Records drawn from a dataset:
*** Block opens ***

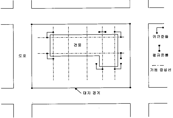 기준점(bench mark)은 모든 공사 높이의 기준이 되는 것으로 공사 착수 전에 설정하여 공사종료 시까지 존치시켜야 하는 중요한 것이다. 기준점의 위치, 기타 사항은 따로 기록하여 두고, 필요에 따라 보조 기준점을 1~2개소 설치한다. 기준점은 이동 및 변형 등이 없게 그 주위를 감싸는 등 보호조치를 하여하 한다.
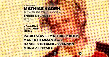 Muna pres: Mathias Kaden - 30 Years behind the decks takes place at Muna in Jena, Unknown on Saturday, March 7, 2026. Featuring Radio Slave, Marek Hemmann, Mathias Kaden, Daniel Stefanik and 1 more. Techno, House.
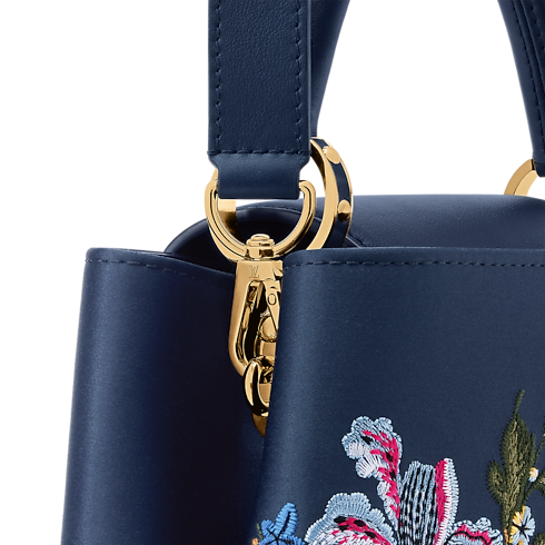 This elegant Capucines BB is defined by the vibrant flora and fauna-print that beautifully offsets the Marine Blue palette. It is crafted from calfskin and trimmed with a cowhide handle and strap, offering multiple styling options. The double-carry style is adorned with signature LV Initials and is fitted with a flat pocket inside the compartmented interior. It is sized to fit everyday items, including a phone, wallet and some makeup essentials.
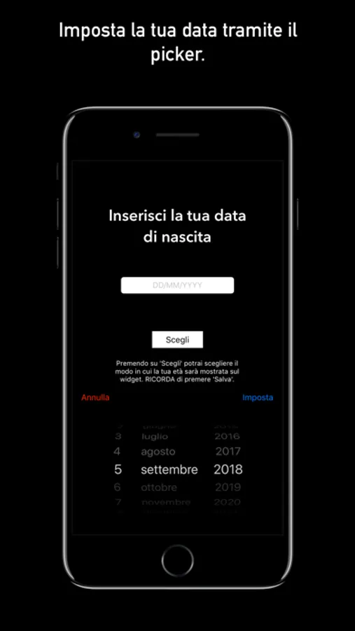L'interfaccia è semplice e di facile utilizzo, apri l'app, scegli la data dal picker, e scegli il formato in cui vuoi che ti venga mostrata, ed il gioco è fatto!
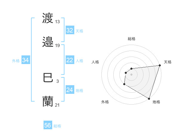 渡邉 巳蘭さんの天格は32画の5点!
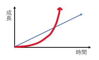 青線は「努力」を、赤線は「成長」を表しています。コツコツ努力をして、それも時間を費やせばそれだけ、努力の総量は増えていきますので、青線が右肩上がりになっています。ところが、成長とか成果というものは、はじめからその努力と比例しているわけではありません(赤線)。
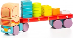 Lesena sestavljanka CUBIKA Tovornjak z geometrijskimi oblikami je več kot le igrača. Z 19 barvnimi deli se lahko otroci učijo razvrščati oblike in barve, kar razvija njihove senzomotorične sposobnosti. Vsak del je zasnovan tako, da se prilega drugim, bolj izkušeni graditelji pa lahko pravilnost števila zloženih delov preverijo po številkah na podvozju tovornjaka.
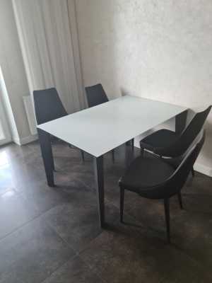 Стол из закаленного белого, матового стекла. Раздвигается в три этапа . Для большой, дружной семьи

*** Block closes ***

WHAT YOU NEED TO DO: Please provide a faithful transcription of all the data, pictures excluded.

WRITTEN ANSWER:
 기준점(bench mark)은 모든 공사 높이의 기준이 되는 것으로 공사 착수 전에 설정하여 공사종료 시까지 존치시켜야 하는 중요한 것이다. 기준점의 위치, 기타 사항은 따로 기록하여 두고, 필요에 따라 보조 기준점을 1~2개소 설치한다. 기준점은 이동 및 변형 등이 없게 그 주위를 감싸는 등 보호조치를 하여하 한다.
 Muna pres: Mathias Kaden - 30 Years behind the decks takes place at Muna in Jena, Unknown on Saturday, March 7, 2026. Featuring Radio Slave, Marek Hemmann, Mathias Kaden, Daniel Stefanik and 1 more. Techno, House.
 This elegant Capucines BB is defined by the vibrant flora and fauna-print that beautifully offsets the Marine Blue palette. It is crafted from calfskin and trimmed with a cowhide handle and strap, offering multiple styling options. The double-carry style is adorned with signature LV Initials and is fitted with a flat pocket inside the compartmented interior. It is sized to fit everyday items, including a phone, wallet and some makeup essentials.
L'interfaccia è semplice e di facile utilizzo, apri l'app, scegli la data dal picker, e scegli il formato in cui vuoi che ti venga mostrata, ed il gioco è fatto!
 渡邉 巳蘭さんの天格は32画の5点!
 青線は「努力」を、赤線は「成長」を表しています。コツコツ努力をして、それも時間を費やせばそれだけ、努力の総量は増えていきますので、青線が右肩上がりになっています。ところが、成長とか成果というものは、はじめからその努力と比例しているわけではありません(赤線)。
 Lesena sestavljanka CUBIKA Tovornjak z geometrijskimi oblikami je več kot le igrača. Z 19 barvnimi deli se lahko otroci učijo razvrščati oblike in barve, kar razvija njihove senzomotorične sposobnosti. Vsak del je zasnovan tako, da se prilega drugim, bolj izkušeni graditelji pa lahko pravilnost števila zloženih delov preverijo po številkah na podvozju tovornjaka.
 Стол из закаленного белого, матового стекла. Раздвигается в три этапа . Для большой, дружной семьи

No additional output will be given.